◆ What the exercise asks ◆
Please reproduce the listing in its entirety, exactly as shown.

◆ Record set ◆
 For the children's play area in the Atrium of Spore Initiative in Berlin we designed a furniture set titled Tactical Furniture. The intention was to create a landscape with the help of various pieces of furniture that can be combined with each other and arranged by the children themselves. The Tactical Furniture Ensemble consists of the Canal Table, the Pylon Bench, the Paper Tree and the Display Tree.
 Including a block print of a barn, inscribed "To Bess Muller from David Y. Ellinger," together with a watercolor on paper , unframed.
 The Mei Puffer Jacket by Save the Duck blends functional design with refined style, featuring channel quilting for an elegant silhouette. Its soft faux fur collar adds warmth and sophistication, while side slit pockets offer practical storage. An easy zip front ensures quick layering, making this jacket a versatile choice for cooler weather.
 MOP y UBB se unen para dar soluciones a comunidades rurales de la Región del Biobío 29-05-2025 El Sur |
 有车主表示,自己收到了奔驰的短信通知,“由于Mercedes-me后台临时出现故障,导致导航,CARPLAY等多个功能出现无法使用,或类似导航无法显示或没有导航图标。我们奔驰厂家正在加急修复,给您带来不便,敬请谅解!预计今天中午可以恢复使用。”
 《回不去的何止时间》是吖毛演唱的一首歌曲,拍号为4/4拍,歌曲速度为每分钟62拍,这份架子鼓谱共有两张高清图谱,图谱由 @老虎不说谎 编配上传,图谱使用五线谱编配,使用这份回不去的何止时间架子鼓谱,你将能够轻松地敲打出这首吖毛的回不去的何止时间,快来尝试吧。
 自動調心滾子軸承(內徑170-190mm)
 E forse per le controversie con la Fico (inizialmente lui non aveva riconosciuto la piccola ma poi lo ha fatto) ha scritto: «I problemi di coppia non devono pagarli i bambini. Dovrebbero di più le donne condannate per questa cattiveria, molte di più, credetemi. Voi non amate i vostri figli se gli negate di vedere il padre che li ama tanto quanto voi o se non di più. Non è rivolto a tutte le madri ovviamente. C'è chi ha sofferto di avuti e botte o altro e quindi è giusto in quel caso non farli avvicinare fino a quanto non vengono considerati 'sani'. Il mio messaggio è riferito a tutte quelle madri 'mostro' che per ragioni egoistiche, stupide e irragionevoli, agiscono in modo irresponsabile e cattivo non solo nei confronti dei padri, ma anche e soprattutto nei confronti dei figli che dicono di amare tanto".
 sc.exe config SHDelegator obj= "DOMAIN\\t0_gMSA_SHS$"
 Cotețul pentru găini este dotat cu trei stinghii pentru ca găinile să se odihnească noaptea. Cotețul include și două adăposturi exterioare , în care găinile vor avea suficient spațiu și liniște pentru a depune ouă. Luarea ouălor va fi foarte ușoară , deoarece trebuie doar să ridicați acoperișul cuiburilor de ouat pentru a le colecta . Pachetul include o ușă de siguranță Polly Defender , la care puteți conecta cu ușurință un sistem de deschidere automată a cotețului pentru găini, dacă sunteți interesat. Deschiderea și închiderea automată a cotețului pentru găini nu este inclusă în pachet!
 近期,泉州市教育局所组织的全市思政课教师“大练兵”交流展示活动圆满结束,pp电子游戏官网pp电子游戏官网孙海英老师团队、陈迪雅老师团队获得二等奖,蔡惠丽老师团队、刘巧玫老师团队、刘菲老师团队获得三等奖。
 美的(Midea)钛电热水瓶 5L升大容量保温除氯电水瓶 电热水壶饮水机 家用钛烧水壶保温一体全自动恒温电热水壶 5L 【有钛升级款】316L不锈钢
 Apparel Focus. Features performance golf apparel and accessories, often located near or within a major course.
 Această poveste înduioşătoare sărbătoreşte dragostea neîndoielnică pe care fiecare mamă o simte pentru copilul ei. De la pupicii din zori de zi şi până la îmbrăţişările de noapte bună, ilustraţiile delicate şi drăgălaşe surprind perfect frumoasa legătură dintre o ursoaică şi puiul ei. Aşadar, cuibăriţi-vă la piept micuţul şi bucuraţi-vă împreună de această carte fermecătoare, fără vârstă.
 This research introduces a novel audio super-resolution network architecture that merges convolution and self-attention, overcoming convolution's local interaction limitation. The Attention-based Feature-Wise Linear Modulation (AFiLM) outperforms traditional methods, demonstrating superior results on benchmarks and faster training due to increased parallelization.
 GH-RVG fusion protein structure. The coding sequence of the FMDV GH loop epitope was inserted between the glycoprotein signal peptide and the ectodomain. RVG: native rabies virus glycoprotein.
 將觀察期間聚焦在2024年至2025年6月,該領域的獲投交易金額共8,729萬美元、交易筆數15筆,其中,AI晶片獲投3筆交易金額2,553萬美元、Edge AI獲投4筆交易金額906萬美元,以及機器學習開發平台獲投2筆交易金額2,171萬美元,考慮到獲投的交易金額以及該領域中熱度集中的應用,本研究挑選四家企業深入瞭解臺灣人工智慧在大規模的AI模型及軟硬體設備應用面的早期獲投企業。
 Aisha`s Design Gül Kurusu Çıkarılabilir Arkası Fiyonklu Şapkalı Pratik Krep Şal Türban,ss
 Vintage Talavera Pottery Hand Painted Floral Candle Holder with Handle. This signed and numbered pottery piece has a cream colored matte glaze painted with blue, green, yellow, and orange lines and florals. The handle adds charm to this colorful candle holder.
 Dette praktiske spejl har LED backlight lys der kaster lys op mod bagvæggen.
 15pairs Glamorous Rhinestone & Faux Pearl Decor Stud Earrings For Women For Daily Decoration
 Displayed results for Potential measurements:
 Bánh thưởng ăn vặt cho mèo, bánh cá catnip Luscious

◆ Written answer ◆
 For the children's play area in the Atrium of Spore Initiative in Berlin we designed a furniture set titled Tactical Furniture. The intention was to create a landscape with the help of various pieces of furniture that can be combined with each other and arranged by the children themselves. The Tactical Furniture Ensemble consists of the Canal Table, the Pylon Bench, the Paper Tree and the Display Tree.
 Including a block print of a barn, inscribed "To Bess Muller from David Y. Ellinger," together with a watercolor on paper , unframed.
 The Mei Puffer Jacket by Save the Duck blends functional design with refined style, featuring channel quilting for an elegant silhouette. Its soft faux fur collar adds warmth and sophistication, while side slit pockets offer practical storage. An easy zip front ensures quick layering, making this jacket a versatile choice for cooler weather.
 MOP y UBB se unen para dar soluciones a comunidades rurales de la Región del Biobío 29-05-2025 El Sur |
 有车主表示,自己收到了奔驰的短信通知,“由于Mercedes-me后台临时出现故障,导致导航,CARPLAY等多个功能出现无法使用,或类似导航无法显示或没有导航图标。我们奔驰厂家正在加急修复,给您带来不便,敬请谅解!预计今天中午可以恢复使用。”
 《回不去的何止时间》是吖毛演唱的一首歌曲,拍号为4/4拍,歌曲速度为每分钟62拍,这份架子鼓谱共有两张高清图谱,图谱由 @老虎不说谎 编配上传,图谱使用五线谱编配,使用这份回不去的何止时间架子鼓谱,你将能够轻松地敲打出这首吖毛的回不去的何止时间,快来尝试吧。
 自動調心滾子軸承(內徑170-190mm)
 E forse per le controversie con la Fico (inizialmente lui non aveva riconosciuto la piccola ma poi lo ha fatto) ha scritto: «I problemi di coppia non devono pagarli i bambini. Dovrebbero di più le donne condannate per questa cattiveria, molte di più, credetemi. Voi non amate i vostri figli se gli negate di vedere il padre che li ama tanto quanto voi o se non di più. Non è rivolto a tutte le madri ovviamente. C'è chi ha sofferto di avuti e botte o altro e quindi è giusto in quel caso non farli avvicinare fino a quanto non vengono considerati 'sani'. Il mio messaggio è riferito a tutte quelle madri 'mostro' che per ragioni egoistiche, stupide e irragionevoli, agiscono in modo irresponsabile e cattivo non solo nei confronti dei padri, ma anche e soprattutto nei confronti dei figli che dicono di amare tanto".
 sc.exe config SHDelegator obj= "DOMAIN\\t0_gMSA_SHS$"
 Cotețul pentru găini este dotat cu trei stinghii pentru ca găinile să se odihnească noaptea. Cotețul include și două adăposturi exterioare , în care găinile vor avea suficient spațiu și liniște pentru a depune ouă. Luarea ouălor va fi foarte ușoară , deoarece trebuie doar să ridicați acoperișul cuiburilor de ouat pentru a le colecta . Pachetul include o ușă de siguranță Polly Defender , la care puteți conecta cu ușurință un sistem de deschidere automată a cotețului pentru găini, dacă sunteți interesat. Deschiderea și închiderea automată a cotețului pentru găini nu este inclusă în pachet!
 近期,泉州市教育局所组织的全市思政课教师“大练兵”交流展示活动圆满结束,pp电子游戏官网pp电子游戏官网孙海英老师团队、陈迪雅老师团队获得二等奖,蔡惠丽老师团队、刘巧玫老师团队、刘菲老师团队获得三等奖。
 美的(Midea)钛电热水瓶 5L升大容量保温除氯电水瓶 电热水壶饮水机 家用钛烧水壶保温一体全自动恒温电热水壶 5L 【有钛升级款】316L不锈钢
 Apparel Focus. Features performance golf apparel and accessories, often located near or within a major course.
 Această poveste înduioşătoare sărbătoreşte dragostea neîndoielnică pe care fiecare mamă o simte pentru copilul ei. De la pupicii din zori de zi şi până la îmbrăţişările de noapte bună, ilustraţiile delicate şi drăgălaşe surprind perfect frumoasa legătură dintre o ursoaică şi puiul ei. Aşadar, cuibăriţi-vă la piept micuţul şi bucuraţi-vă împreună de această carte fermecătoare, fără vârstă.
 This research introduces a novel audio super-resolution network architecture that merges convolution and self-attention, overcoming convolution's local interaction limitation. The Attention-based Feature-Wise Linear Modulation (AFiLM) outperforms traditional methods, demonstrating superior results on benchmarks and faster training due to increased parallelization.
 GH-RVG fusion protein structure. The coding sequence of the FMDV GH loop epitope was inserted between the glycoprotein signal peptide and the ectodomain. RVG: native rabies virus glycoprotein.
 將觀察期間聚焦在2024年至2025年6月,該領域的獲投交易金額共8,729萬美元、交易筆數15筆,其中,AI晶片獲投3筆交易金額2,553萬美元、Edge AI獲投4筆交易金額906萬美元,以及機器學習開發平台獲投2筆交易金額2,171萬美元,考慮到獲投的交易金額以及該領域中熱度集中的應用,本研究挑選四家企業深入瞭解臺灣人工智慧在大規模的AI模型及軟硬體設備應用面的早期獲投企業。
 Aisha`s Design Gül Kurusu Çıkarılabilir Arkası Fiyonklu Şapkalı Pratik Krep Şal Türban,ss
 Vintage Talavera Pottery Hand Painted Floral Candle Holder with Handle. This signed and numbered pottery piece has a cream colored matte glaze painted with blue, green, yellow, and orange lines and florals. The handle adds charm to this colorful candle holder.
 Dette praktiske spejl har LED backlight lys der kaster lys op mod bagvæggen.
 15pairs Glamorous Rhinestone & Faux Pearl Decor Stud Earrings For Women For Daily Decoration
 Displayed results for Potential measurements:
 Bánh thưởng ăn vặt cho mèo, bánh cá catnip Luscious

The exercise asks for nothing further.